WHAT THE EXERCISE ASKS.
Set down precisely the lines from the line with "Икона в жесткой" through the end of the material, inclusive, and no pictures.

STORED DATA.
━━━━━━━━

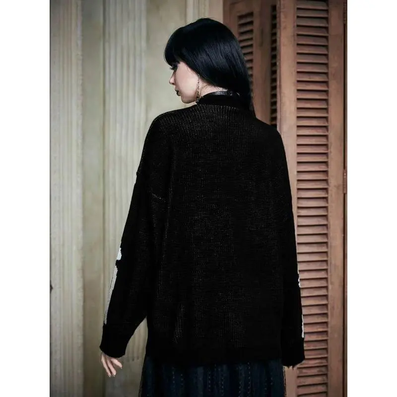 【Plus Size】 Halloween Skeleton Print Cardigan, Gothic Punk Casual Long Sleeve Open Front Knitwear for Fall & Winter, Women's Clothing for Daily Wear, Knitting Sweater Cardigan
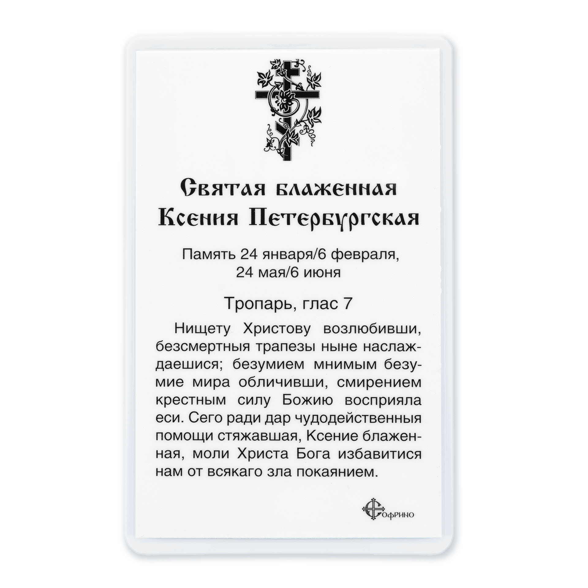 Икона в жесткой ламинации 5х8 с оборотом Ксения Петербургская блж.
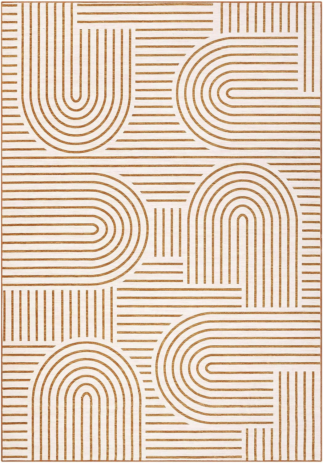 Washable Rug 8×10 Area Rugs for Living Room, Abstract Rug for Bedroom, Soft Rainbow Non Slip Throw Rugs with Rubber, Low Pile Stain Resistant Boho Geometric Carpet for Dining Room, Orange

━━━━━━━━

RESPONSE.
 Икона в жесткой ламинации 5х8 с оборотом Ксения Петербургская блж.
 Washable Rug 8×10 Area Rugs for Living Room, Abstract Rug for Bedroom, Soft Rainbow Non Slip Throw Rugs with Rubber, Low Pile Stain Resistant Boho Geometric Carpet for Dining Room, Orange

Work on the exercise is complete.